== Segment start ==
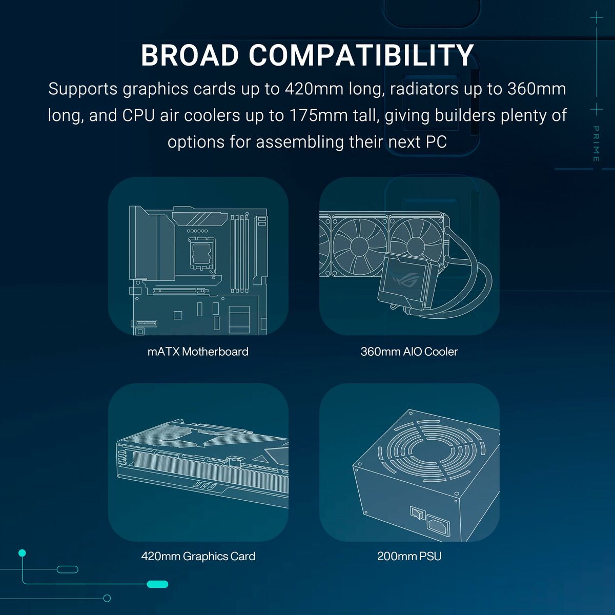 ASUS PRIME AP202 ARGB. Tipo: PC, Color del producto: Blanco, Formas de factor de tarjeta madre soportadas: micro ATX, Mini-ITX. Ventiladores laterales instalados: 2x 120 mm, Ventiladores traseros instalados: 1x 120 mm, Diámetro de ventiladores traseros soportados: 120 mm. Tamaños de disco duro soportados: 2.5,3.5". Ancho: 236 mm, Profundidad: 441 mm, Altura: 460 mm
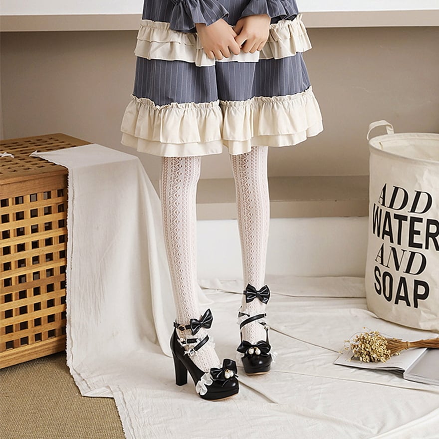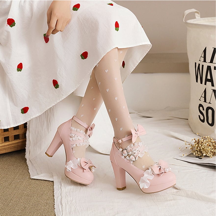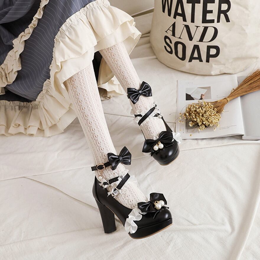 SEASONZ プリンセス シューズ ハイヒール スイートロリータ フェイクパール リボン かわいい ゆめかわ
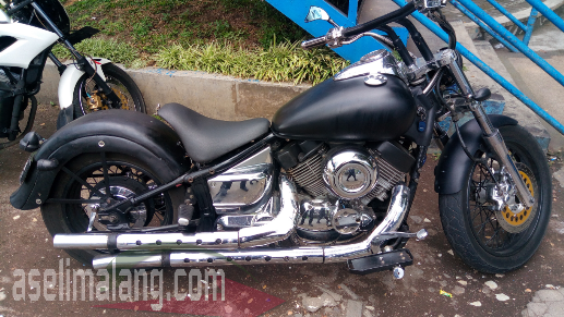 Mantap. Satu kata ini yang saia ucapkan dalam hati ketika bertemu dengan pemilik sebuah motor custom di jalanan. Yups, beberapa hari lalu, saat melintas di area Blimbing, Kota Malang, saia ketemu dengan sebuah moge. Berkelir hitam doff, dengan model ala moge Harley Davidson. Mesin berkonfigurasi V-Twin, dengan knalpot free flow. Blarr—blarr. Posisi rider santai, hampir selonjoran kakinya.
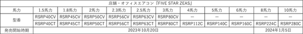 今回モデルチェンジする『FIVE STAR ZEAS』シリーズは、運転条件や負荷の変化に応じて電子膨張弁をさらに細やかに制御することで、1.5馬力から2.5馬力の小容量クラスの省エネ性を業界トップクラスに引き上げました。またこれまで6馬力までだったラインアップに、新たに8馬力と10馬力の大容量クラスを追加します。大容量クラスのラインアップにより、機器の省エネ性の高さによる電気代の削減だけでなく、設置台数の削減やそれに伴う施工費の削減に貢献します。
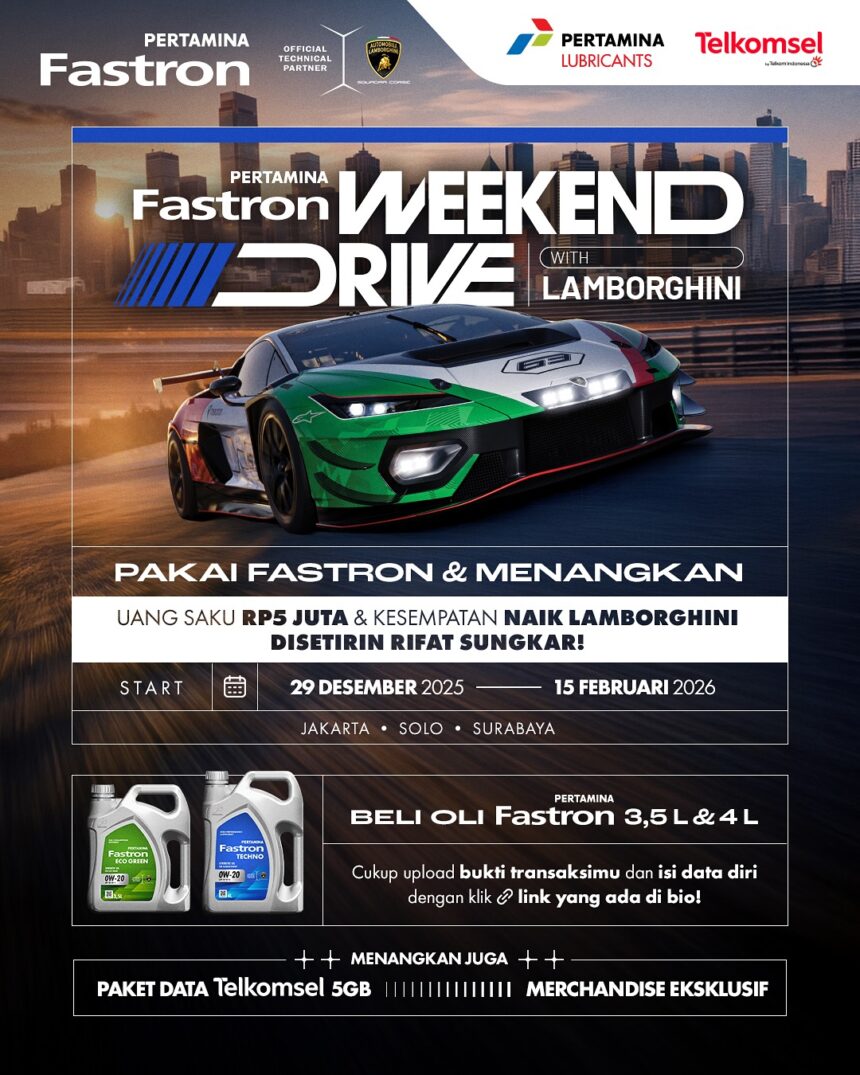 Program ini berlaku bagi pelanggan yang membeli oli Pertamina Fastron di 30 bengkel terpilih Jakarta, Solo, dan Surabaya paling lambat 15 Februari 2026.
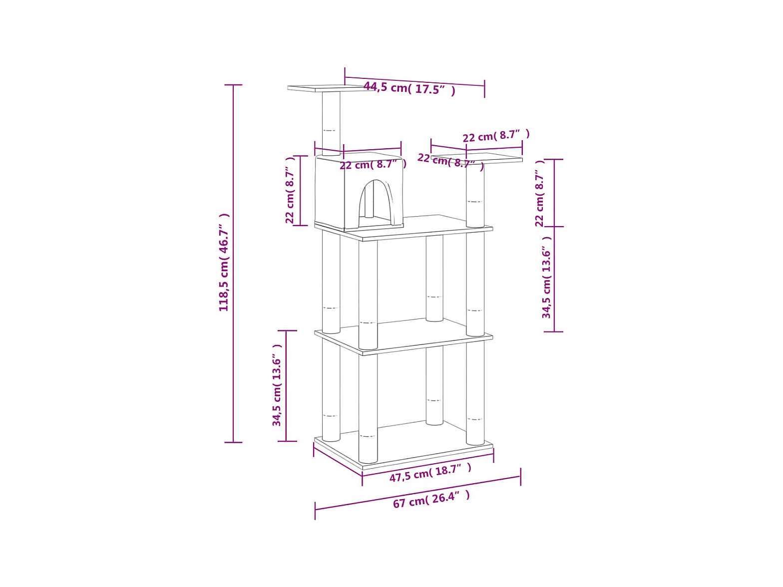 Rascador para gatos con postes de sisal color crema 118,5 cm
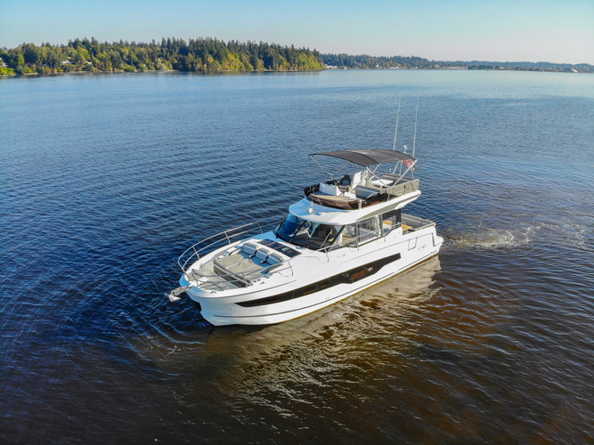 This boat is a stunning example of Jeanneau’s flagship outboard flybridge model — the NC 1295 Fly. This 2024 model is barely broken in with just 68 hours on her engines, she combines sophisticated European design with efficient, quiet performance. Her triple Yamaha 300s deliver a comfortable 24–28 knot cruise and top speeds around 38 knots.
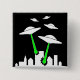 ANKOMMEND! UFO-alien-Angriffsknopf zeigt eine Flotte Außerirdischen in ihren Fliegen Saucer UFO an, die eine Stadt mit grünen Laserstrahlwaffen in Angriff nehmen. Ein sicherer Schlag mit jedermann in ScifI, in Außerirdischen, in UFO oder in außerirdisches Leben. Fertigen Sie dieses Einzelteil besonders an, indem Sie jeden möglichen Namen oder Sprichwort addieren, um zu machen aus diesem Weltpersonalisierten Geschenk heraus!
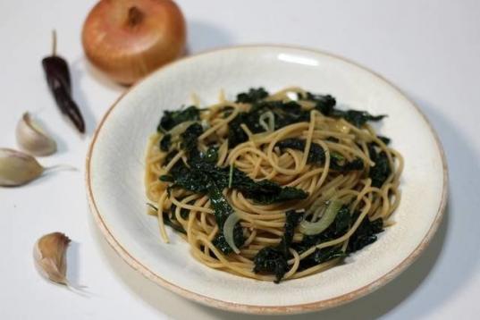 INGREDIENTES: dos manojos de kale o cualquier otra col, 100 gramos de pasta integral, una cebolla, seis dientes de ajo, aceite de oliva y guindilla.
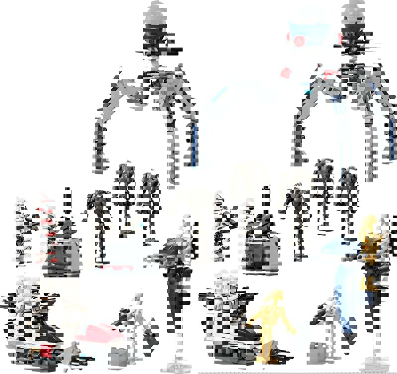 Aksiyonlu oyunlar için simgeleşmiş silahlarıyla 4 LEGO Star Wars mini figürü ve 5 LEGO figürü içerir: Bir Klon Şok Trooper, 3 Klon Trooper, 3 Süper Savaş Droidi ve 2 Savaş Droidi. Bu LEGO yapım seti ayrıca 2 Klon Trooper için mermi atan bir Star Wars hız motoru ve Savaş Droidi için inşa edilebilen bir STAP motoru içerir. 3 füze atıcılı bir tri-droid ve mermi atıcılı bir savunma noktası, daha da fazla yaratıcı oyun olasılıkları ekler.
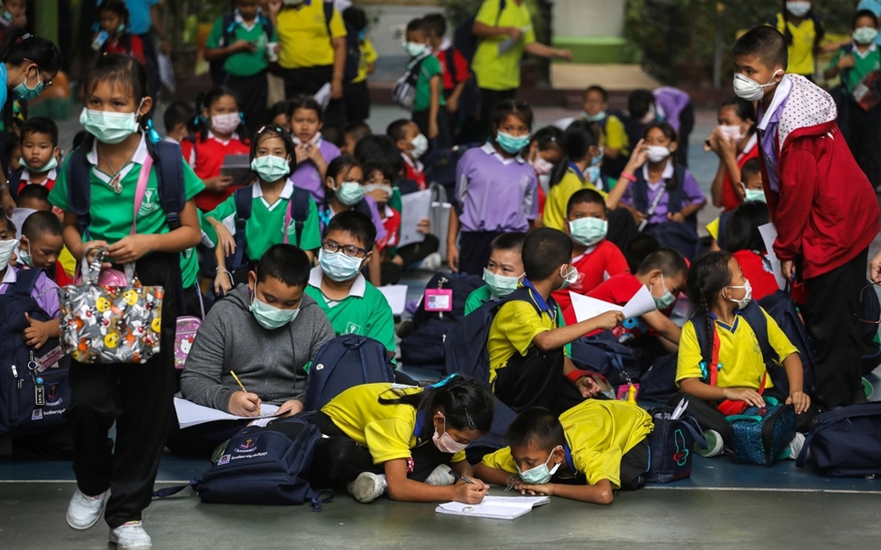 1월30일 최악의 초미세먼지로 휴교령이 내린 타이 방콕의 한 공립학교에서 학생들이 마스크를 쓴 채 집에 돌아가려고 차를 기다리고 있다. 일부 학생은 이 와중에도 바닥에 엎드려 공부하고 있다. 타이 교육부는 방콕과 주변 5개 도시의 국·공립학교 437곳에 휴교령을 내렸다. 이들 학교는 2월1일까지 문을 닫는다. 타이는 높은 인구밀도와 자동차 매연으로 대기질이 좋지 못한데, 중국에서 넘어온 미세먼지까지 겹치며 앞이 보이지 않을 정도로 공기가 나빠진 상황이다. 인공강우와 물대포, 농업용 드론까지 동원해 물을 뿌렸지만 별다른 효과를 거두지 못하고 있다.
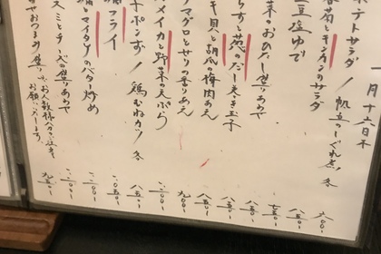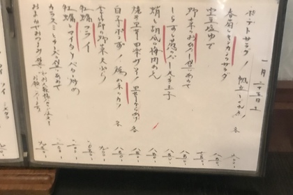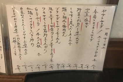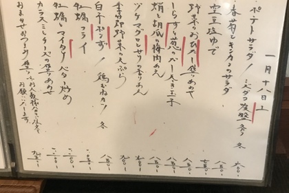 その日仕入れた食材による日替わりアラカルトメニューです
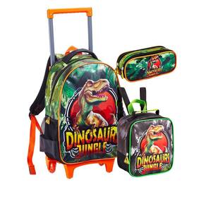 Kit Escola Dinossauro - Mochila com Rodas, Lancheira e Estojo
== Segment end ==
▶ [Exercise details]:
The entries above need to be repeated word for word, minus their pictures.

▶ [Response]:
 ASUS PRIME AP202 ARGB. Tipo: PC, Color del producto: Blanco, Formas de factor de tarjeta madre soportadas: micro ATX, Mini-ITX. Ventiladores laterales instalados: 2x 120 mm, Ventiladores traseros instalados: 1x 120 mm, Diámetro de ventiladores traseros soportados: 120 mm. Tamaños de disco duro soportados: 2.5,3.5". Ancho: 236 mm, Profundidad: 441 mm, Altura: 460 mm
 SEASONZ プリンセス シューズ ハイヒール スイートロリータ フェイクパール リボン かわいい ゆめかわ
 Mantap. Satu kata ini yang saia ucapkan dalam hati ketika bertemu dengan pemilik sebuah motor custom di jalanan. Yups, beberapa hari lalu, saat melintas di area Blimbing, Kota Malang, saia ketemu dengan sebuah moge. Berkelir hitam doff, dengan model ala moge Harley Davidson. Mesin berkonfigurasi V-Twin, dengan knalpot free flow. Blarr—blarr. Posisi rider santai, hampir selonjoran kakinya.
 今回モデルチェンジする『FIVE STAR ZEAS』シリーズは、運転条件や負荷の変化に応じて電子膨張弁をさらに細やかに制御することで、1.5馬力から2.5馬力の小容量クラスの省エネ性を業界トップクラスに引き上げました。またこれまで6馬力までだったラインアップに、新たに8馬力と10馬力の大容量クラスを追加します。大容量クラスのラインアップにより、機器の省エネ性の高さによる電気代の削減だけでなく、設置台数の削減やそれに伴う施工費の削減に貢献します。
 Program ini berlaku bagi pelanggan yang membeli oli Pertamina Fastron di 30 bengkel terpilih Jakarta, Solo, dan Surabaya paling lambat 15 Februari 2026.
 Rascador para gatos con postes de sisal color crema 118,5 cm
 This boat is a stunning example of Jeanneau’s flagship outboard flybridge model — the NC 1295 Fly. This 2024 model is barely broken in with just 68 hours on her engines, she combines sophisticated European design with efficient, quiet performance. Her triple Yamaha 300s deliver a comfortable 24–28 knot cruise and top speeds around 38 knots.
 ANKOMMEND! UFO-alien-Angriffsknopf zeigt eine Flotte Außerirdischen in ihren Fliegen Saucer UFO an, die eine Stadt mit grünen Laserstrahlwaffen in Angriff nehmen. Ein sicherer Schlag mit jedermann in ScifI, in Außerirdischen, in UFO oder in außerirdisches Leben. Fertigen Sie dieses Einzelteil besonders an, indem Sie jeden möglichen Namen oder Sprichwort addieren, um zu machen aus diesem Weltpersonalisierten Geschenk heraus!
 INGREDIENTES: dos manojos de kale o cualquier otra col, 100 gramos de pasta integral, una cebolla, seis dientes de ajo, aceite de oliva y guindilla.
 Aksiyonlu oyunlar için simgeleşmiş silahlarıyla 4 LEGO Star Wars mini figürü ve 5 LEGO figürü içerir: Bir Klon Şok Trooper, 3 Klon Trooper, 3 Süper Savaş Droidi ve 2 Savaş Droidi. Bu LEGO yapım seti ayrıca 2 Klon Trooper için mermi atan bir Star Wars hız motoru ve Savaş Droidi için inşa edilebilen bir STAP motoru içerir. 3 füze atıcılı bir tri-droid ve mermi atıcılı bir savunma noktası, daha da fazla yaratıcı oyun olasılıkları ekler.
 1월30일 최악의 초미세먼지로 휴교령이 내린 타이 방콕의 한 공립학교에서 학생들이 마스크를 쓴 채 집에 돌아가려고 차를 기다리고 있다. 일부 학생은 이 와중에도 바닥에 엎드려 공부하고 있다. 타이 교육부는 방콕과 주변 5개 도시의 국·공립학교 437곳에 휴교령을 내렸다. 이들 학교는 2월1일까지 문을 닫는다. 타이는 높은 인구밀도와 자동차 매연으로 대기질이 좋지 못한데, 중국에서 넘어온 미세먼지까지 겹치며 앞이 보이지 않을 정도로 공기가 나빠진 상황이다. 인공강우와 물대포, 농업용 드론까지 동원해 물을 뿌렸지만 별다른 효과를 거두지 못하고 있다.
 その日仕入れた食材による日替わりアラカルトメニューです
 Kit Escola Dinossauro - Mochila com Rodas, Lancheira e Estojo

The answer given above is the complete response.